Supreme Court of California
Nov 1, 1880
57 Cal. 102 (Cal. 1880)

Summary

In People v. Car Soy, 57 Cal. 102, two of the Justices in Department Two cited the language of Mr. Justice Crocker, above quoted, with apparent approval.

Summary of this case from People v. Hamilton

Opinion

         Department Two

         Appeal from a judgment of conviction, and an order denying a new trial, in the Superior Court of the County of San Joaquin. Buckley, J.

         COUNSEL:

         The Court erred in excluding the questions propounded to the jurors. (People v. Reyes , 5 Cal. 347; Watson v. Whitney , 23 id. 379.)

         McStay & Swinnerton, and William M. Gibson, for Appellant.

         George A. Blanchard for the Attorney-General, for the Respondent.


         The ruling of the Court in excluding the questions is not reviewable, because the statute does not provide for an exception to such a ruling. ( Pen. Code, § 1170.)

         An answer in the affirmative to the questions propounded would not show that the juror thus answering was prejudiced against the defendant. For all that appears in the record, it may be that each juror was examined fully upon the subject of his bias and prejudice. It must be presumed, that the juror answered that he was not biased; because no challenge was made for actual bias, nor is it shown that defendant exhausted his peremptory challenges.

         JUDGES: Morrison, C. J. Sharpstein, J., concurred. Myrick, J., concurred in the judgment.

         OPINION

          MORRISON, Judge

         The defendant was prosecuted by information, in the Superior Court of the county of San Joaquin, for the crime of robbery, and was convicted. On this appeal, several errors are assigned, only one of which it will be necessary for the Court to notice.

         The defendant is a Chinaman, and, on impaneling the jury in the case, counsel for the defendant asked each of the jurors the following questions:

         " 1. Other things being equal, would you take the word of a Chinaman as soon as you would that of a white man?" To this question, the district attorney objected, on the ground that the same was incompetent, irrelevant, and immaterial.
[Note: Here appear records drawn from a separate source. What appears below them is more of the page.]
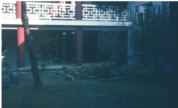
Jardin intérieur de Robert Black college
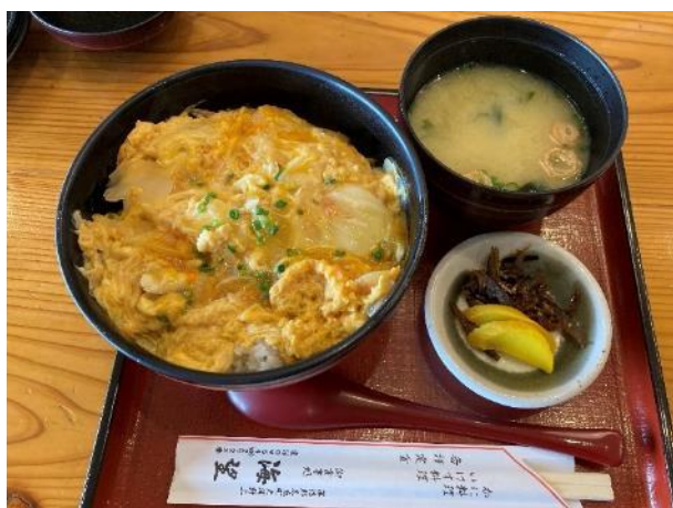
写真 525. 玉子丼のような「カニ丼」
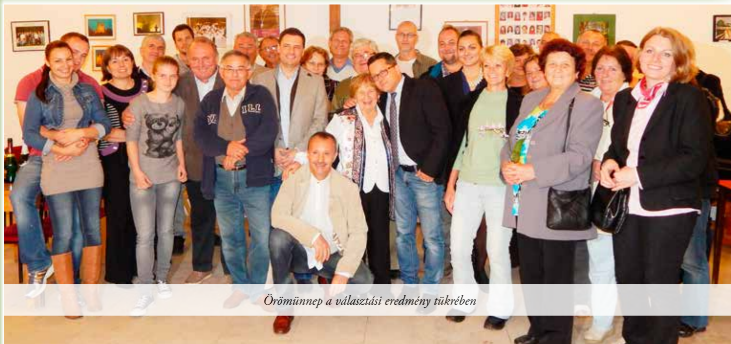
Örömműnnp a választási eredmény tükreben
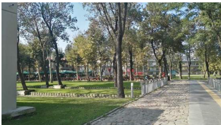
Auch im September und Oktober kann man das Grün des Santral Campus noch genießen ...

Erasmus-Studierenden konnte ich relativ problemlos meine Kurse belegen. Ich konnte zwar nicht alle Kurse aus meinem ersten Learning Agreement wählen, konnte aber die fehlenden durch andere ersetzen.
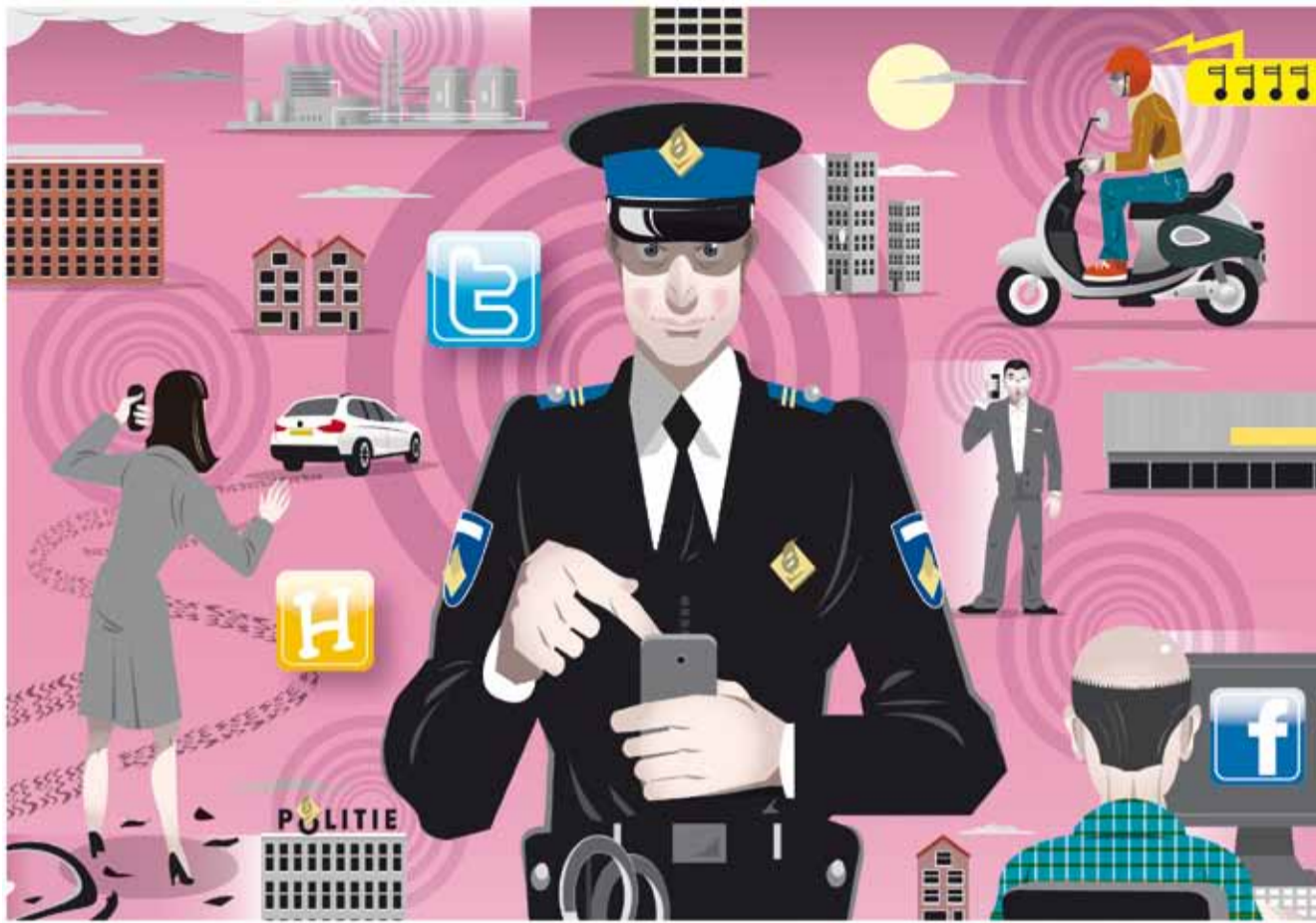
Twitter, Burgernet, website voor jongeren; door deze digitale media kan de politie doelgericht veel mensen bereiken en informeren.
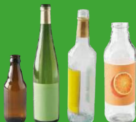
BOUEILLES EN VERRE sans le bouchon
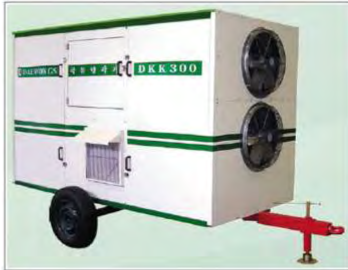
Εικόνα 22. Απεντόμωση με χρήση χαμηλών θερμοκρασιών.
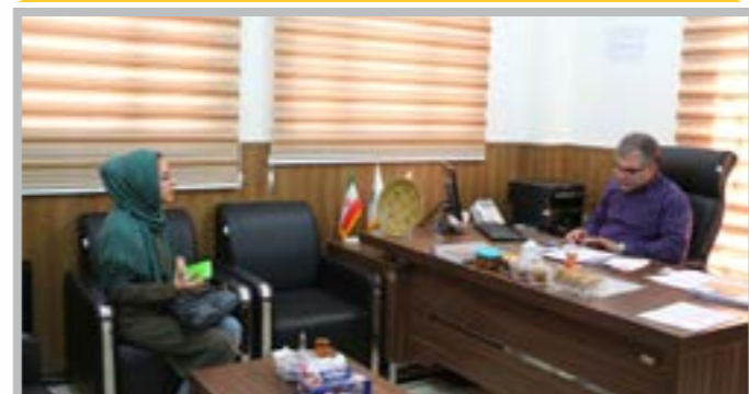
ملاقات عمومی رییس دانشگاه کوثر
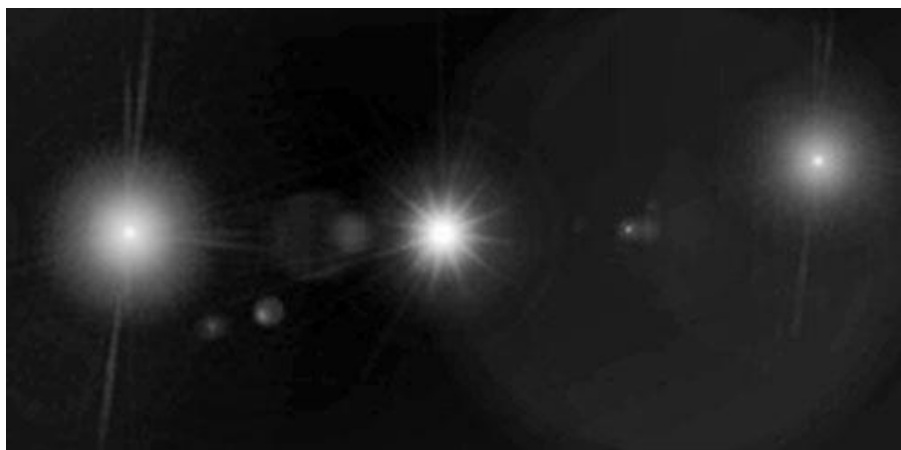
Figura 3-1 El Cinturón de Orión

Un equipo de Constructores [def] fueron nombrados, y el espectáculo comenzó en este Universo joven, hace miles de millones y miles de billones de años.
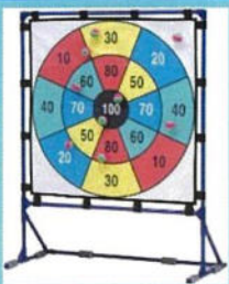
的当てゲーム (景品がなくなるまで)
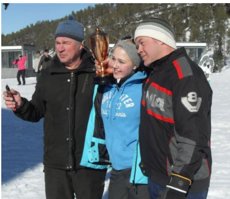
Mononheittokiisan voittajat Matkailuautoilijat.
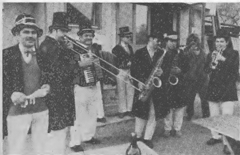
Občeznani orkester "Boj se ga" v vsej svoji prizadevnosti za dobro vzdušje ob pustnih prireditvah
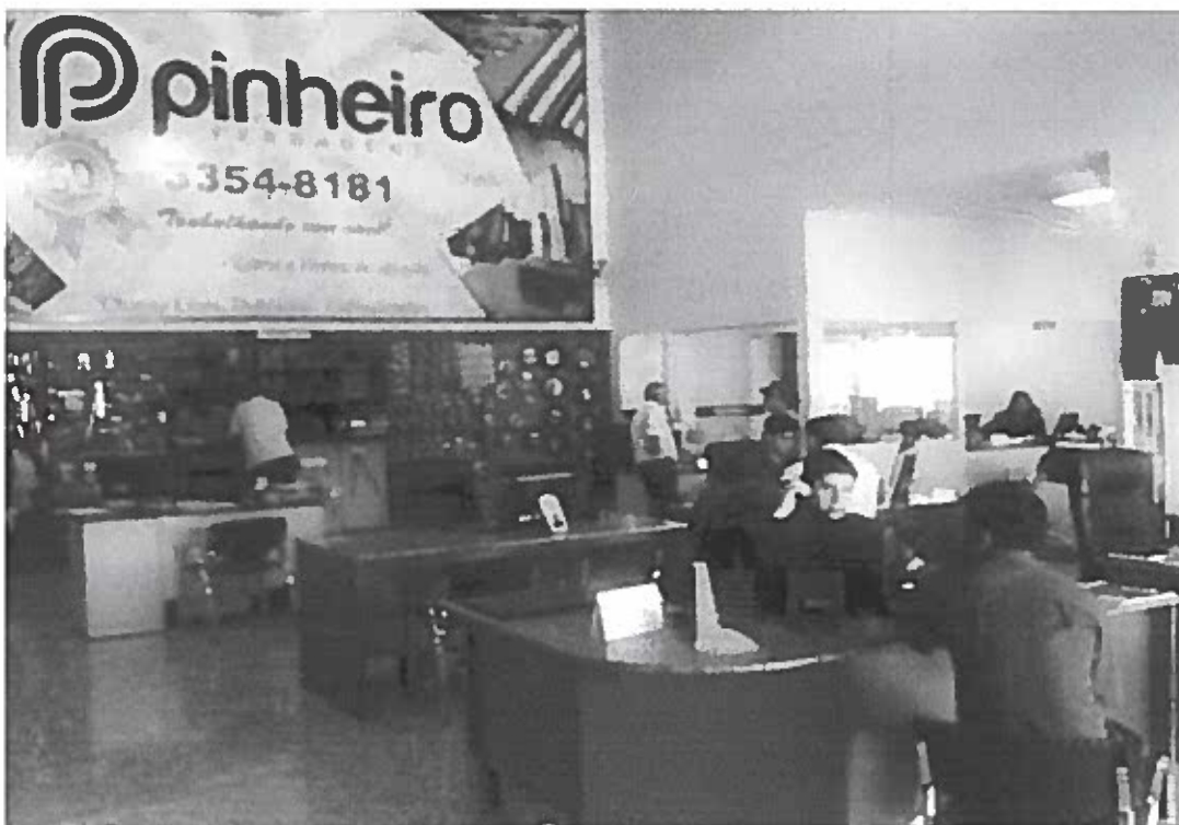
Ferragens Pinheiro Taguatinga

The Court sustained the objection, and the defendant excepted.

         " 2. If the defendant, a Chinaman, should be sworn as a witness in his own behalf, would you give his testimony the same credit that you would give to the story told by a white person, under the same circumstances?" To this question, the district attorney objected, on the ground that the same was irrelevant, incompetent, and immaterial. The Court sustained the objection, and the defendant excepted.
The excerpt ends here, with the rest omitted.